Dataset section:
====

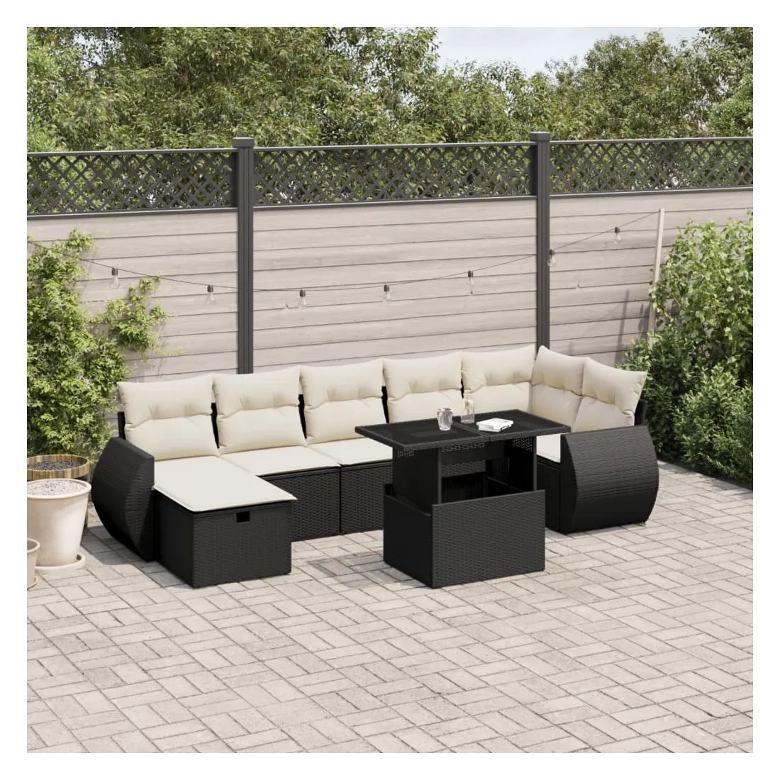 Cet ensemble de canapés de jardin est le complément parfait de votre arrière-cour, terrasse ou patio, offrant un espace confortable et accueillant pour discuter avec la famille et les amis ou simplement se détendre et profiter de l'extérieur. Matériau durable : la résine tressée, également connue sous le nom de poly rotin, est un matériau synthétique solide et nécessitant peu d'entretien qui ressemble au rotin naturel. Il est léger, facile à nettoyer et couramment utilisé pour les meubles d'extérieur en raison de sa durabilité et de ses propriétés de résistance aux intempéries.Dessus de table réglable : le dessus de table peut être soulevé pour rendre la table plus haute, ce qui transforme la table d'extérieur d'une table basse à une table de salle à manger. Elle est parfaite pour recevoir des invités ou prendre des repas à l'extérieur.Dessus en verre : le dessus de la table d'extérieur est fabriqué en verre trempé solide et durable, ce qui le rend facile à nettoyer avec un chiffon humide et ajoute une touche d'élégance à votre espace extérieur.Housse amovible et lavable : ces coussins de siège sont dotés de housses amovibles pour un lavage et un entretien faciles.Conception modulaire : cet ensemble de meubles d'extérieur a une conception modulaire, ce qui le rend complètement flexible et facile à déplacer, afin que vous puissiez créer un agencement de meubles d'extérieur personnalisé. Bon à savoir :Pour que vos meubles d'extérieur restent beaux, nous vous recommandons de les protéger avec une housse imperméable.
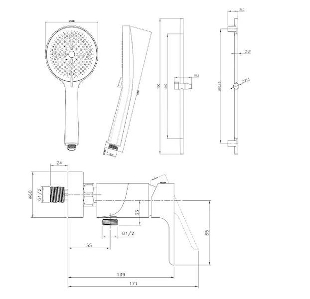 kielle Vega - Sprchový set s baterií, tyčí, hadicí a sprchovou hlavicí EcoSpare, chrom 20618SN20 Skladem u dodavatele > 10 ks |
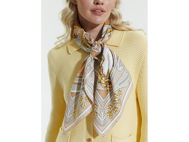 Сочетания благородного золота и слоновой кости, плавные линии и стилизованные цветы рождают необычайно элегантный дизайн авторского аксессуара. Такой платок привнесет дополнительный шик как в базовый гардероб, так и в вечерний стиль.

====

What this task involves: Beginning with the line that contains "kielle Vega - Sprchový" and ending with the final line of the material, reproduce those lines exactly and nothing else. Omit the pictures.

Output below:
 kielle Vega - Sprchový set s baterií, tyčí, hadicí a sprchovou hlavicí EcoSpare, chrom 20618SN20 Skladem u dodavatele > 10 ks |
 Сочетания благородного золота и слоновой кости, плавные линии и стилизованные цветы рождают необычайно элегантный дизайн авторского аксессуара. Такой платок привнесет дополнительный шик как в базовый гардероб, так и в вечерний стиль.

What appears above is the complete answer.